Por otra parte, de acuerdo con los artículos 46, fracción V y 127 bis, de dicha ley, toca al titular de cada dependencia ejercitar la acción para demandar la terminación de los efectos del nombramiento del servidor público y asimismo, le corresponde la carga de probar la existencia de la causal relativa. En ese contexto, si en el acta administrativa se contiene la razón por la cual se demanda la terminación de los efectos de un nombramiento, y siendo esa acta un documento privado que no conlleva intrínsecamente la prueba plena de su contenido, para alcanzar tal fuerza se requiere de su perfeccionamiento, lo que se logra a través de la comparecencia, ante el órgano jurisdiccional, de quienes la firmaron, dando así oportunidad al trabajador de repreguntarles. Tal circunstancia opera independientemente de que el acta no haya sido objetada por el trabajador, pues de no ser así, y concluir que su ratificación sólo procede cuando se objeta, implicaría a su vez la grave consecuencia de otorgar a la parte patronal, aun en forma eventual, el poder de formular pruebas indubitables ante sí o por su orden, sin carga alguna de perfeccionamiento". Por otra parte, indica el inconforme que la responsable emite un laudo incongruente, pues en el tercer considerando del acto reclamado señala que la trabajadora no incurrió en la causal de abandono de empleo, sin embargo, jamás fue opuesta dicha excepción. También establece que al titular le fue decretada la deserción de la prueba confesional a cargo del C. Roberto Valdés Ramón, no obstante que dicha prueba fue ofrecida por la actora.

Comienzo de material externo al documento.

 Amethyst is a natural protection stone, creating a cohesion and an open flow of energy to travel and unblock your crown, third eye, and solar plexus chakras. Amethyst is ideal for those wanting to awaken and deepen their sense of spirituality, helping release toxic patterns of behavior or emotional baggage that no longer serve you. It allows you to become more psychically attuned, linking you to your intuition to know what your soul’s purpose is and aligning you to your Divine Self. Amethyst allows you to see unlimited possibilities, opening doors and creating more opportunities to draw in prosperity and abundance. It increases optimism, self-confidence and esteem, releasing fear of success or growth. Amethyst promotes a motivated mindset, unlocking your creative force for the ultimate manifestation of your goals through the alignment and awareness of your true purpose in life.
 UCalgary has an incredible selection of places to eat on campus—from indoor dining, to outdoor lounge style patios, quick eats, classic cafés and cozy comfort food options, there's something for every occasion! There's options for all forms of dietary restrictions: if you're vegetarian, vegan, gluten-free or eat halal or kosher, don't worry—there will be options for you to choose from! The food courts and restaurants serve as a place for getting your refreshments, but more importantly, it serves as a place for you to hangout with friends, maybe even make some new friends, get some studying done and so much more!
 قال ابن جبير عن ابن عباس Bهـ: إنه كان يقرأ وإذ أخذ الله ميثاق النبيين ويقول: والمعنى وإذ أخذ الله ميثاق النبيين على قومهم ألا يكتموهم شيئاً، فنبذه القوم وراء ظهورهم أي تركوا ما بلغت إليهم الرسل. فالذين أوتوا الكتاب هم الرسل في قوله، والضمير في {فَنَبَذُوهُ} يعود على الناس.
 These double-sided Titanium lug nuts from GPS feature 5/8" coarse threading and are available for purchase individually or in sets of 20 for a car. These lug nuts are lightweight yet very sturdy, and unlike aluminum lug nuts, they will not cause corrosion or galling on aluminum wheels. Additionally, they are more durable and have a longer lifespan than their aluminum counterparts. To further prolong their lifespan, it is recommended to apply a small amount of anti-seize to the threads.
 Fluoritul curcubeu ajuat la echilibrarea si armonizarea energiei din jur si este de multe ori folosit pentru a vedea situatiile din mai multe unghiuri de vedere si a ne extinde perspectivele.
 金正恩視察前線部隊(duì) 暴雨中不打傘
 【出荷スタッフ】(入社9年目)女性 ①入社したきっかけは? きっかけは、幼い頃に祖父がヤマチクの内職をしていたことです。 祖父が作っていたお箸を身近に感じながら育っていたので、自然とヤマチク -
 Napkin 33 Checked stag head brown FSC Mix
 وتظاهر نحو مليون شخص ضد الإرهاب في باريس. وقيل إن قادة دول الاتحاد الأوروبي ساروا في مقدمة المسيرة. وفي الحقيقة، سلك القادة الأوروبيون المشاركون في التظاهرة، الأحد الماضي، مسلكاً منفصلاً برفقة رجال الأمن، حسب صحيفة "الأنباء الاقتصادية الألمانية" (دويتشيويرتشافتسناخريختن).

Es fundado pero inoperante el anterior argumento, pues si bien es cierto, la responsable incurrió en las imprecisiones a que alude el quejoso, no menos verídico lo es que ello en nada trasciende al resultado del fallo, porque la Sala analizó cada una de las excepciones opuestas por el demandado, así como las pruebas aportadas de su parte, esto es, se ciñó a la litis planteada, sin que de las constancias de autos se advierta que el titular haya acreditado las causales imputadas a la trabajadora. Consecuentemente, contrario a lo que se argumenta, el laudo no es violatorio de los artículos 14 y 16 constitucionales.